Hello,
I am (name) from LearnVern.
We will study in continuation of our previous session of our Machine Learning course.
In today's tutorial of machine learning we are looking at K means.
We know that K means algorithm is unsupervised algorithm and clustering algorithm.
So, here we will have the input data but will not have any labels in it.
Today we will take an example of mall customers;
Meaning we will take the dataset related to the customers that visit the mall.
And on that we will perform clustering,
So, first I will load the dataset and will explore and show you, as to what are the features and the columns that we have?
So, our dataset is getting loaded here,
So as my dataset is loading,till then I will import the libraries over here.
Import numpy as np; this is our first library that we will import.

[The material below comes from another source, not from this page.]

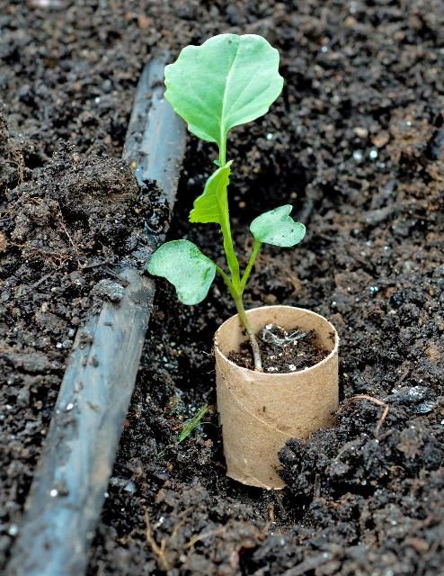 The larvae of some noctuid moths chew through the stems of young plants, killing them. These "cutworms" typically hide in the ground during the day and are easy to overlook. Vulnerable seedlings can be protected with a section of cardboard tube placed around the stem and pushed a few inches into the ground. These "cutworm collars" can be made from used toilet paper rolls, which will naturally decompose after a few weeks, when the plants will be less susceptible to damage.

Second library that we will import, is matplotlib, so import matplotlib dot pyplot as plt, and thereafter the next library that we will import is pandas, so import pandas as pd.
So, these three libraries will help us, and we will take their help, here once again I will see the data of mall customer data, so you can see it is getting uploaded, now it so uploaded,
So, we will copy the path now, now we will read our dataset,
Dataset is equal to pd dot read underscore csv.
And here I will copy the path.
And with the dataset dot head, we will read the dataset.
So, this is our dataset.
In this we have customer ID, Gender, Age, Annual income, Spending Score.
So, this is our dataset.
Now, where we have to apply customer segmentation or grouping, it can basically be applied there.
1, 2, 3, 4, 5.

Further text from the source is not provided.